Когда кто-то врывается в твою жизнь, да еще столь необычным образом, возбуждает такое сильное влечение к себе, а потом уходит из нее, не назвав даже своего имени, отчего все это становится еще более таинственным, загадочным… Какое имя можно ему дать?
Она слегка улыбнулась своей романтичности.
В ту ночь она назвала его единственным и, как ей показалось, вполне подходящим для него именем — Незнакомец. В этом имени была некоторая театральность, но он и был слегка театрален, с тихим, почти таинственным голосом, темными глазами, с порывистой лаской, которая могла означать или все… или ничего. «Господи, какой же романтичной, оказывается, я могу быть», — горестно вздохнула Хилма.

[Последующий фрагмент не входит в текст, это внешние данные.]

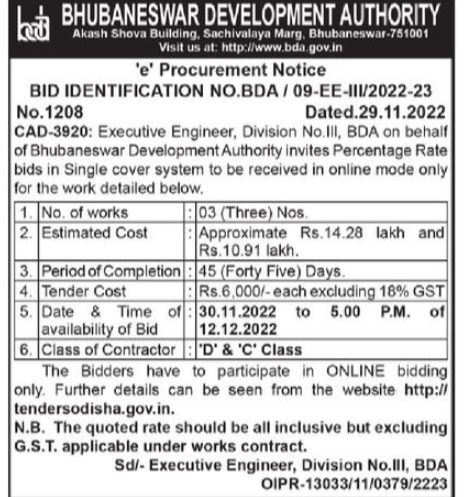 Tender for 03 (Three) Nos. BHUBANESWAR DEVELOPMENT AUTHORITY

Конечно, в реальной жизни все иначе. Той ночью они много рассуждали об этом. Он сказал тогда, что они похожи и потому хорошо понимают мотивы поступков друг друга. И это действительно так. Она понимала, что он должен жениться на богатой, а он, что она должна выйти замуж за более чем обеспеченного и преуспевающего Роджера. И оба они решили, что встречаться им неразумно.
«Но никто из нас не сказал, почему неразумно», — подумала Хилма. И снова она вспомнила ту темную комнату и его руки, нежно ласкающие ее…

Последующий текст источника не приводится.